[ENTRIES SUPPLIED]
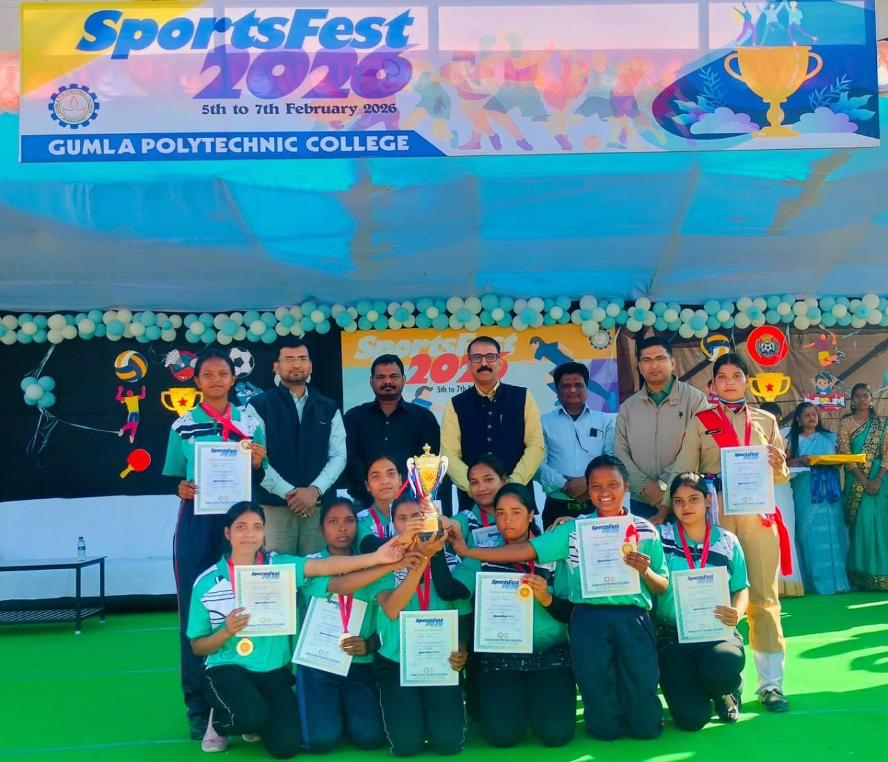 गुमला। 7 फरवरी 2026 को गुमला पॉलिटेक्निक कॉलेज में आयोजित वार्षिक तीन दिवसीय स्पोर्ट्सफेस्ट 2026 का समापन भव्य एवं उत्साहपूर्ण माहौल में हुआ। 5 फरवरी 2026 से प्रारंभ हुए इस खेल महोत्सव में छात्र-छात्राओं के लिए कई रोमांचक खेल प्रतियोगिताओं का आयोजन किया गया, जिसमें खेल भावना, टीम वर्क और उत्कृष्टता का शानदार प्रदर्शन देखने को मिला।
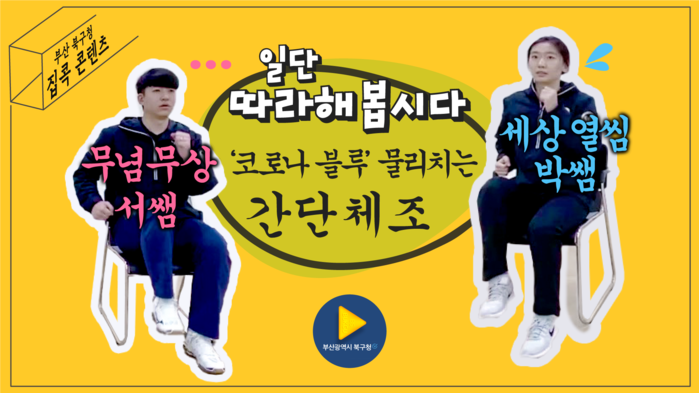 [로컬세계 맹화찬 기자]부산 북구(구청장 정명희)는 북구체육회(회장 오태원)와 함께 지역주민의 건강증진에 도움이 되고자 집에서 할 수 있는 ‘집콕 건강체조’ 영상을 제작·보급한다.
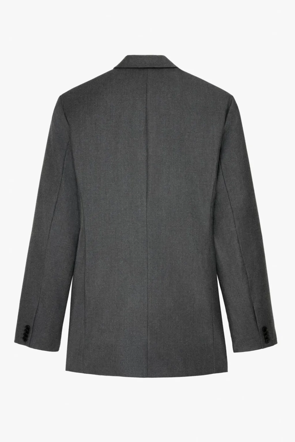 Blazer larga slim fitconfeccionada en tejido de lana de origen italiano. Acabado franela.Cuello con solapas de pico y manga larga acabada en puño con botones. Bolsillos de solapa en cadera. Detalle de bolsillo interior. Cierre frontal de botonadura cruzada.
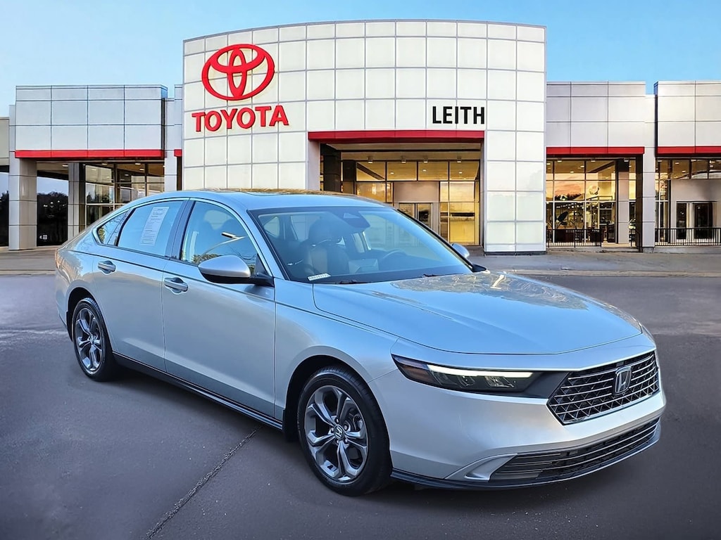 Clean CARFAX. CARFAX One-Owner. Solar Silver Metallic 2024 Honda Accord EX FWD CVT 1.5T I4 DOHC 16V Turbocharged VTEC Clean Carfax 1 Owner/No Accident Vehicle, LOCAL TRADE IN, BACK UP CAMERA, HEATED SEATS, BLIND SPOT MONITOR, APPLE CARPLAY & ANDROID AUTO, 1-OWNER, NO ACCIDENTS, MUST SEE!, Black w/Fabric Seat Trim, 8 Speakers, ABS brakes, Adaptive Cruise Control: Adaptive Cruise Control (ACC) with Low-Speed Follow, Air Conditioning, Apple CarPlay/Android Auto, Auto High-beam Headlights, Auto-dimming Rear-View mirror, Automatic temperature control, Blind Spot Information (BSI) System warning, Compass, Electronic Stability Control, Exterior Parking Camera Rear, Fabric Seat Trim, Four wheel independent suspension, Front dual zone A/C, Fully automatic headlights, Heated Front Bucket Seats, Lane departure: Lane Keeping Assist System (LKAS) active, Power driver seat, Power moonroof, Power steering, Power windows, Radio: 180-Watt AM/FM Audio System, Rear seat center armrest, Rear window defroster, Steering wheel mounted audio controls, Telescoping steering wheel, Traction control, Wheels: 17 x 7.5 Pewter Gray.
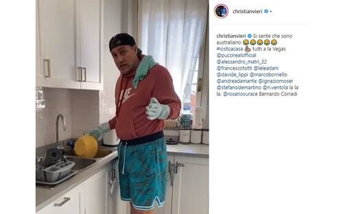 Tra i più "attivi" Bobo Vieri, che ha promesso alla sua Costanza (in dolce attesa) di pulire casa per due settimane (foto Instagram @christianvieri)
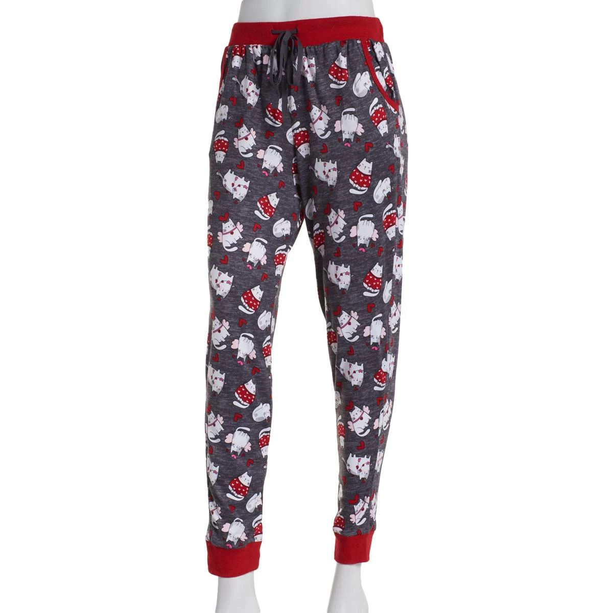 The Womens Pillow Talk cat comfy cozy brushed sueded pajama pants feature a cat design throughout. Also featuring an adjustable self tie around the waist and exterior pockets.
[/ENTRIES SUPPLIED]
WHAT IS EXPECTED
Copy nothing but the lines above that run from the one with "[로컬세계 맹화찬 기자]부산" to the one with "Blazer larga slim", ends included; pictures stay out.

EXPECTED ANSWER
 [로컬세계 맹화찬 기자]부산 북구(구청장 정명희)는 북구체육회(회장 오태원)와 함께 지역주민의 건강증진에 도움이 되고자 집에서 할 수 있는 ‘집콕 건강체조’ 영상을 제작·보급한다.
 Blazer larga slim fitconfeccionada en tejido de lana de origen italiano. Acabado franela.Cuello con solapas de pico y manga larga acabada en puño con botones. Bolsillos de solapa en cadera. Detalle de bolsillo interior. Cierre frontal de botonadura cruzada.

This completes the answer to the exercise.